D’ordinaire, l’existence d’une activité précède à sa réglementation. Jestaz (1990, 3) note que, dans le Code Civil, « la plupart des activités visées au travers des articles préexistaient à la règle juridique dont elles ont d'ailleurs provoqué la naissance par tâtonnements juridiques. » Ceci n’est pas le cas du sport, puisque la règle y est un préalable essentiel à la pratique. On trouve ici l’origine d’un « ordre juridique sportif », dans une formulation annoncée par Sforza dès 1933, car « depuis l’origine – que l’on peut situer à la fin du XIXème siècle – les organisations sportives internationales présentent leur autonomie comme une de leurs caractéristiques essentielles. » (Miège, 2017, 3)
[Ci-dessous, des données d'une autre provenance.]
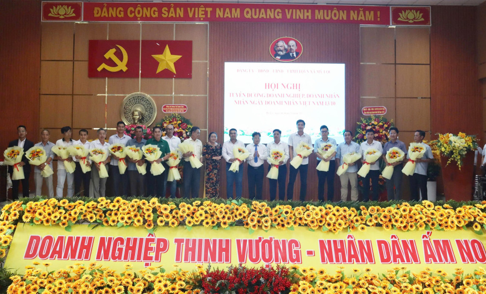 Dịp này, xã Mỹ Lộc tuyên dương doanh nghiệp, doanh nhân có nhiều đóng góp cho sự phát triển của xã trong thời gian qua./.

Avant de se pencher sur l’exemple du sport, il serait judicieux d’éclairer d’abord ce qu’est en général un ordre juridique. De celui-ci, Mayer (2003) distingue deux conceptions ;

- La première, normativiste, mise en avant par Kelsen (1962, 43), définit l’ordre juridique comme un « système de normes dont l’unité repose sur le fait que leur validité à toutes a le même fondement. »

- La seconde, institutionnelle, proposée par Romano (1975, 7), décrit l’ordre juridique comme n’étant plus « un ensemble statique de normes posées les unes à côté des autres et attendant d’être mise en œuvre, mais une entité dotée d’une force susceptible d’être mise en action. » L’ordre juridique défendu par Romano « ne se confond pas uniquement avec l’ordre juridique étatique. Il est, au contraire, multiple, vivant, animé. » (Lefebvre-Rangeon, 2014, 13)
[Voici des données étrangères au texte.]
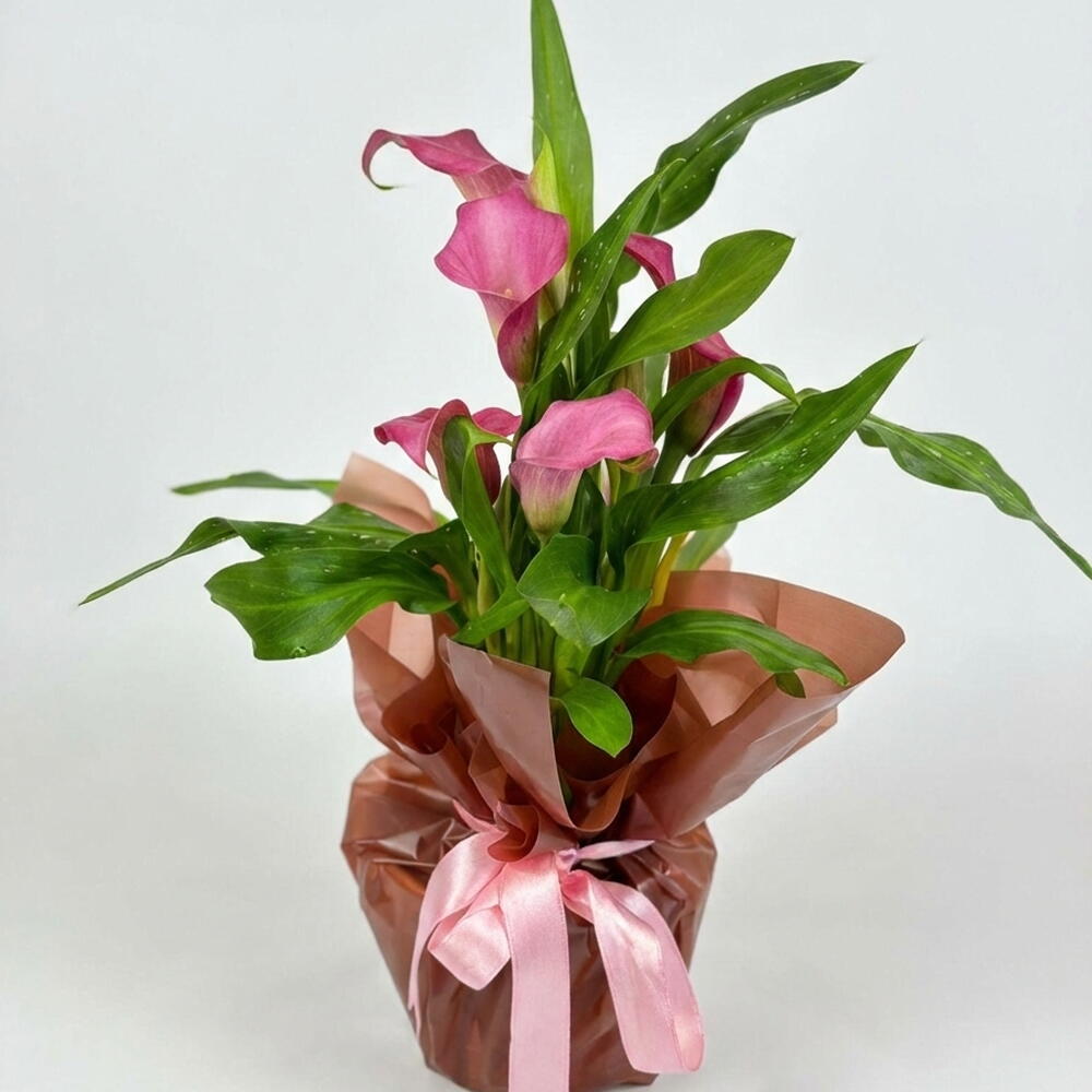 Zarafetin ve asaleti simgeleyen pembe gala çiçeği (Calla Lily), özel tasarım ambalajı ve şık kurdele detayıyla sevdiklerinize anlamlı bir hediye alternatifi sunar. Canlı yeşil yaprakları ve göz alıcı pembe çiçekleriyle bulunduğu ortama ferahlık ve şıklık katar. Özel günlerde, doğum günü, yeni iş, teşekkür ya da “içimden geldi” demek için zarif bir seçimdir. Modern ve dekoratif sunumu sayesinde hem ev hem ofis ortamına uyum sağlar.

Cette deuxième conception fait émerger les conditions de la reconnaissance d’un pluralisme juridique, au sujet duquel Virally (1960, 99) affirme : « la multiplicité des ordres juridiques est un fait trop visible pour que nul ne songe à le contester. » Dans le même sillage, en 1918, Romano présentait le droit comme un ensemble d’ordres juridiques, qu’il décrit comme « les rapports d'autorité et de force qui créent, modifient, appliquent les normes juridiques, sans s'identifier à elles ». Ainsi, dans une conception holiste, l'ordre juridique est « totalité dépassant la somme des normes et contenant encore bien d'autres choses que des normes » (Romano, 1975, 7).
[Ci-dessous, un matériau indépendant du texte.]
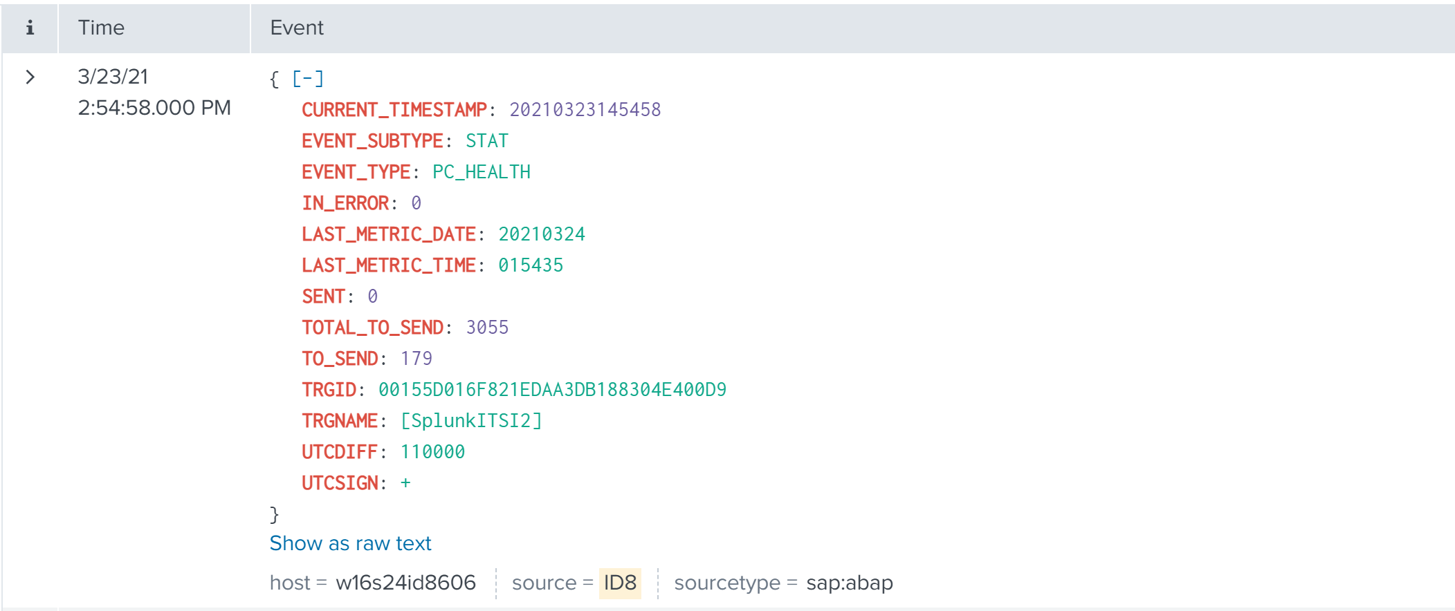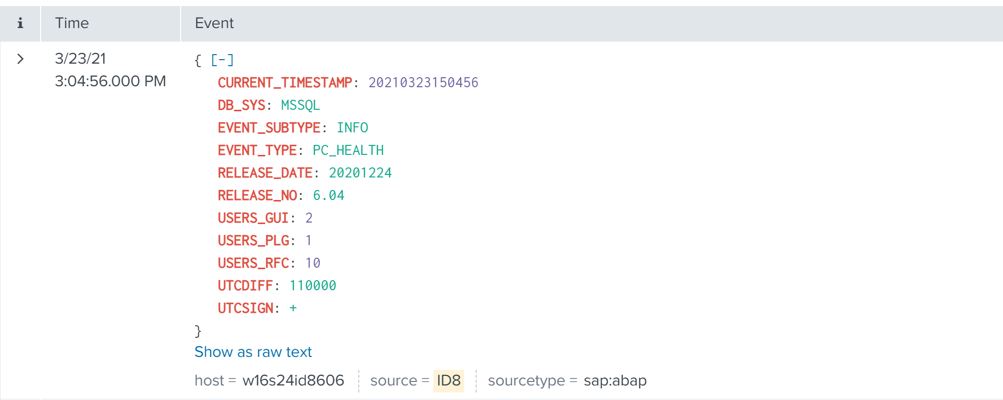 Events will look like this in Splunk:

Il nous revient d’établir les caractéristiques respectives et retracer les croisements entre les deux différents ordres étatiques que nous étudions : l’ordre juridique étatique et l’ordre juridique sportif. Ensuite, nous reviendrons sur les conditions de leur compétition. Cette analyse s'appuiera principalement sur la théorie de Romano (1960, 160) et notamment sur la notion de relevance, dont les conditions d’existence sont les suivantes : « Pour qu’il y ait relevance juridique, il faut que l’existence, le contenu ou l’efficacité d’un ordre soit conforme aux conditions mises par un autre ordre : cet ordre ne vaut pour cet autre ordre juridique qu’à un titre défini par ce dernier. » C’est-à-dire que la valeur juridique d'un ordre est suspendue à sa reconnaissance par un autre et des effets juridiques que celui-ci entraîne sur celui-là.